- _Your goal_:
Retype only what runs from the first line of the records to the line with "Reading that after", inclusive, and no pictures.

Recorded data:

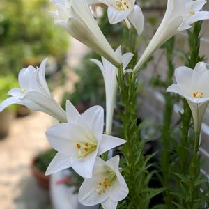 昨年、3㍍以上に伸びた我が家の💚シンテッポウユリ 優雅🤍✨ 今年は、1.5㍍位で咲きました🤗この位の背丈がちょうど見やすいですね💖
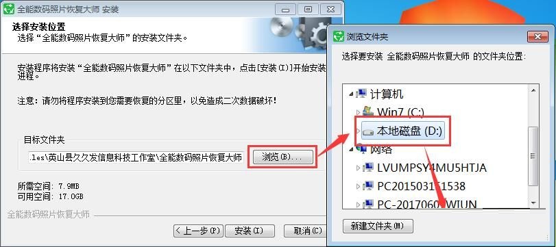 这一步我们需要确定全能数码照片恢复大师的安装路径,安装程序有默认的安装路径:C:Program Files英山县久久发信息科技工作室全能数码照片恢复大师。安装全能数码照片恢复大师至少需要7.9MB磁盘空间。需要修改路径的朋友可以点击浏览按钮,选择需要安装的文件夹后,点击好就可以修改安装路径了。点击安装将全能数码照片恢复大师安装到电脑上;
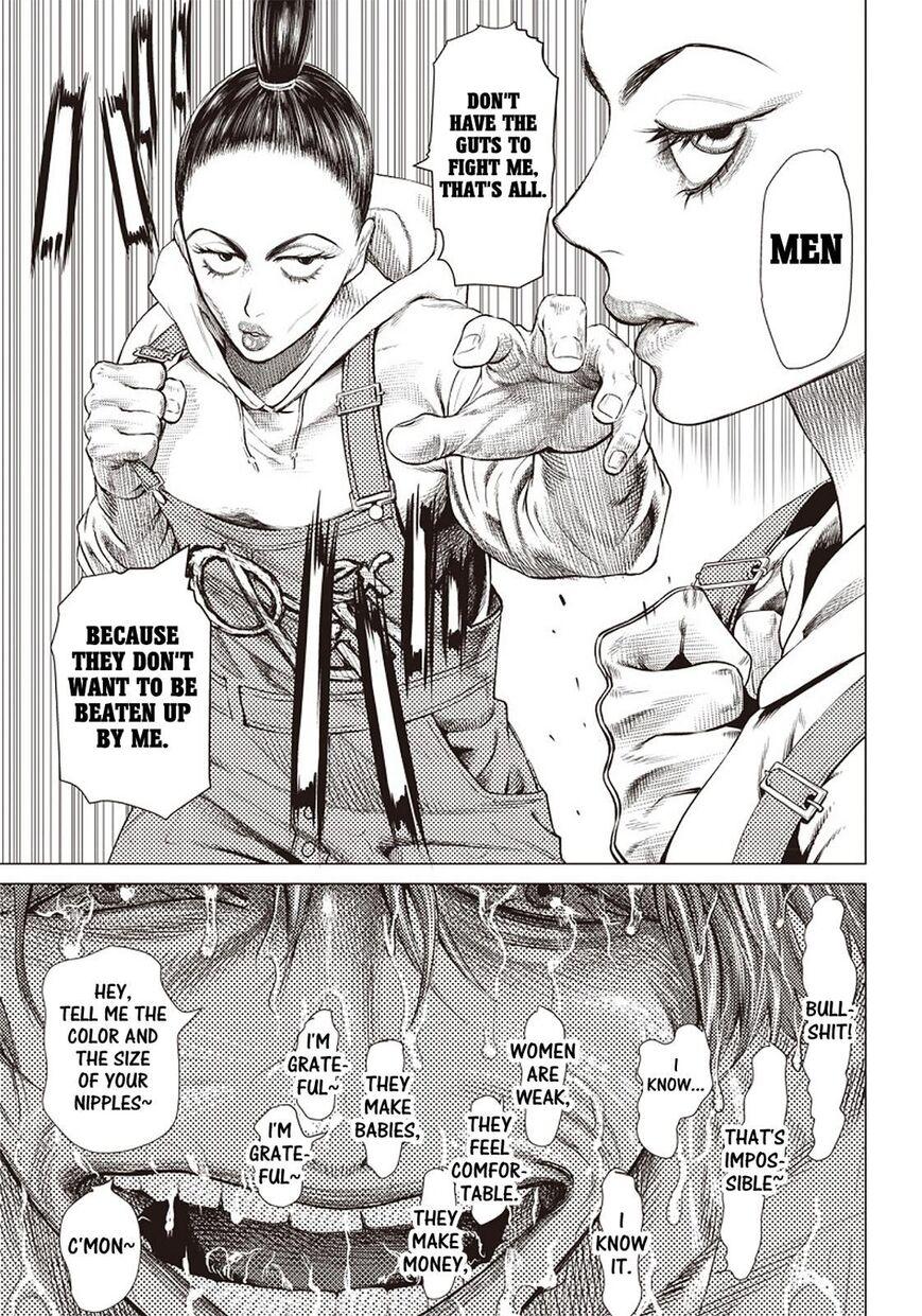 Reading that after the testosterone-loving manga Usogui, I was expecting the worst. But, there is some effort, and the strong female protagonists stay strong all through the manga instead of becoming damsel in distress halfway through like it happens too often, which is a nice surprise. Good job for someone who started his career drawing a one-shot for the masculinist title Baki!
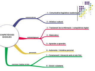 Possibles estratègies d’impúlsde la comp. d’aprendre a aprendre : Des de totes les àrees: Afavorir l’autoregulació de l’aprenentatge i el coneixement de les pròpies mancances, mitjançant: - exercicis d’autoavaluació i coavaluació. - ús consensuat d’eines de control de l’aprenentatge, com dietaris, agendes, portafolis de treball … Des de la tutoria ( en col·laboració amb els pares) : Treballar sistemàticament aspectes de dinàmica personal, habilitats conductuals… Treballar l’autoconcepte mitjançant diversos instruments: jocs, dinàmiques de grup… Des d’àrees de llengües: Resum, síntesi, anàlisi de textos… Des d’àrees de ciències ( i Educació Física) : Higiene de l’estudi , hàbits saludables…
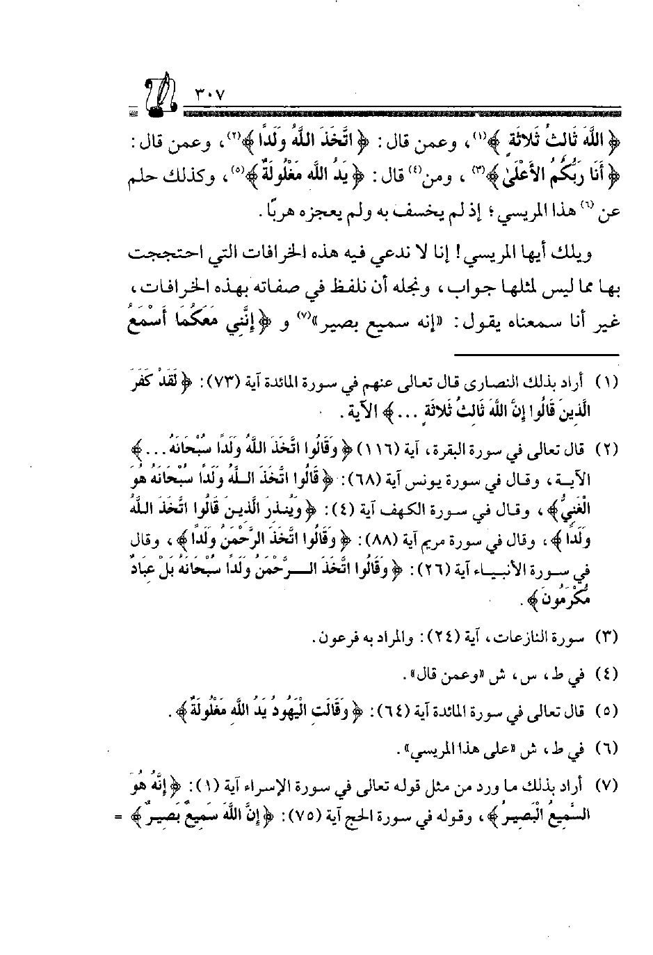 {اللَّهَ ثَالِثُ ثَلاثَةٍ} 1، وَعَمَّنْ قَالَ: {اتَّخَذَ اللَّهُ وَلَداً} 2، وَعَمَّنْ قَالَ: {أَنَا رَبُّكُمُ الْأَعْلَى} 3 وَمَنْ4 قَالَ: {يَدُ اللَّهِ مَغْلُولَةٌ} 5 وَكَذِلَكَ حَلِمَ عَنْ6 هَذَا الْمَرِيسِيِّ، إِذْ لَمْ يَخْسِفْ بِهِ وَلَمْ يُعْجِزْهُ هَرَبًا.
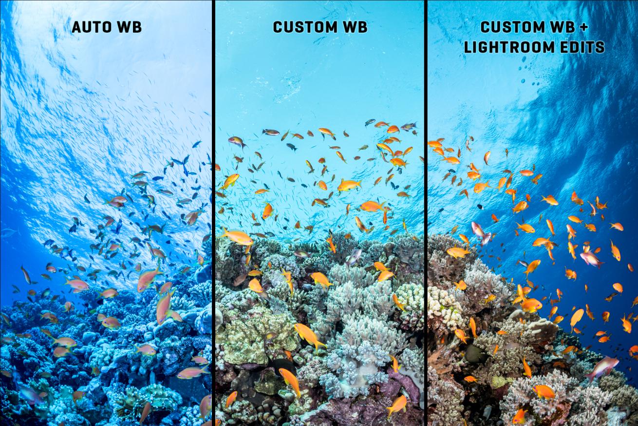 Now I can already hear you asking, why would I mess around with custom white balance on my camera if I can just shoot RAW and adjust it later? Well, if you correct in camera, you’re going to have a much easier and faster editing session later—especially when shooting silvery or gray subjects or in the open ocean. Why? Because if everything in the image is similar shades of blue, then when you set a target neutral in the software, everything changes, including the water.
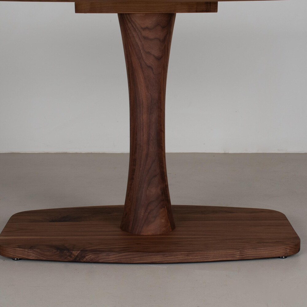 This small walnut pedestal table makes a great accent table in the living room or a small dining table in the kitchen. The squoval shape has rounded sides which gives the table a bunch of style. And it sits on an elegant pedestal base that leaves lots of room for legs under the table if you’re eating at it. We build every table to order so there are many ways to make this table perfect for you.
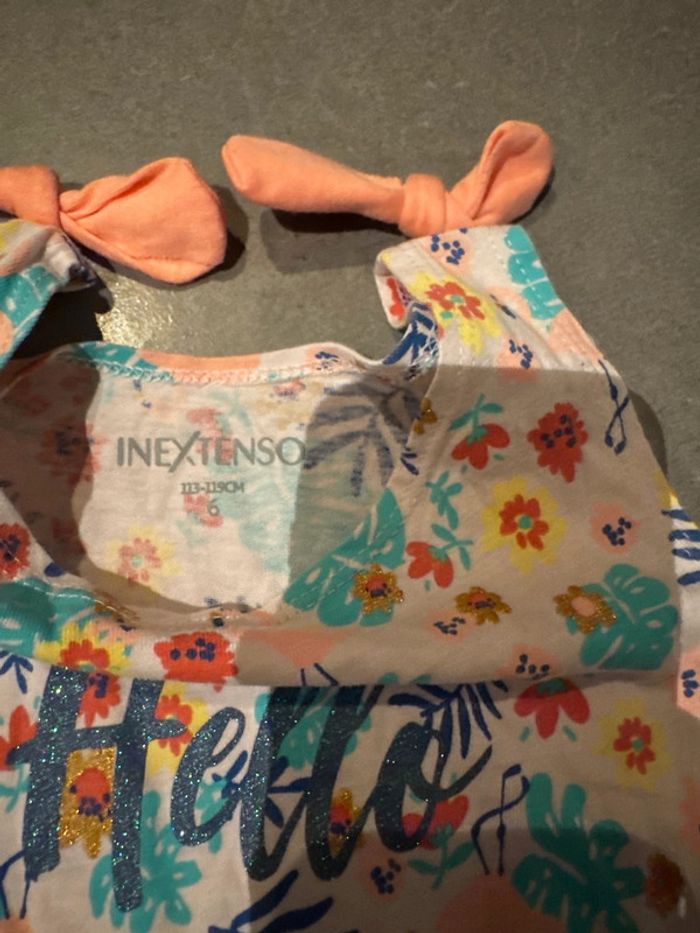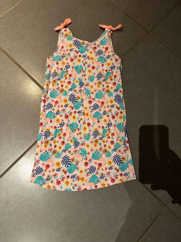 Robe avec noeuds aux bretelles Marque: In extenso Modèle: Hello flamingo / Feuilles / Fleurs Couleurs: Rose, vert, bleu, jaune & doré Taille: 6 ans Très bon état (voir les photos) D'autres articles de marques pour fille dans mon dressing W
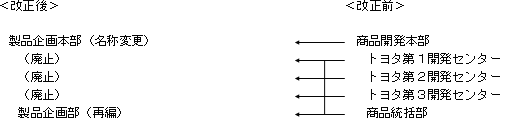 | ◆ | 本部内の各センターを廃止。 商品開発本部を製品企画本部に名称変更し、本部内の商品統括部を製品企画部として再編。 |

- _Solution for this problem_:
 昨年、3㍍以上に伸びた我が家の💚シンテッポウユリ 優雅🤍✨ 今年は、1.5㍍位で咲きました🤗この位の背丈がちょうど見やすいですね💖
 这一步我们需要确定全能数码照片恢复大师的安装路径,安装程序有默认的安装路径:C:Program Files英山县久久发信息科技工作室全能数码照片恢复大师。安装全能数码照片恢复大师至少需要7.9MB磁盘空间。需要修改路径的朋友可以点击浏览按钮,选择需要安装的文件夹后,点击好就可以修改安装路径了。点击安装将全能数码照片恢复大师安装到电脑上;
 Reading that after the testosterone-loving manga Usogui, I was expecting the worst. But, there is some effort, and the strong female protagonists stay strong all through the manga instead of becoming damsel in distress halfway through like it happens too often, which is a nice surprise. Good job for someone who started his career drawing a one-shot for the masculinist title Baki!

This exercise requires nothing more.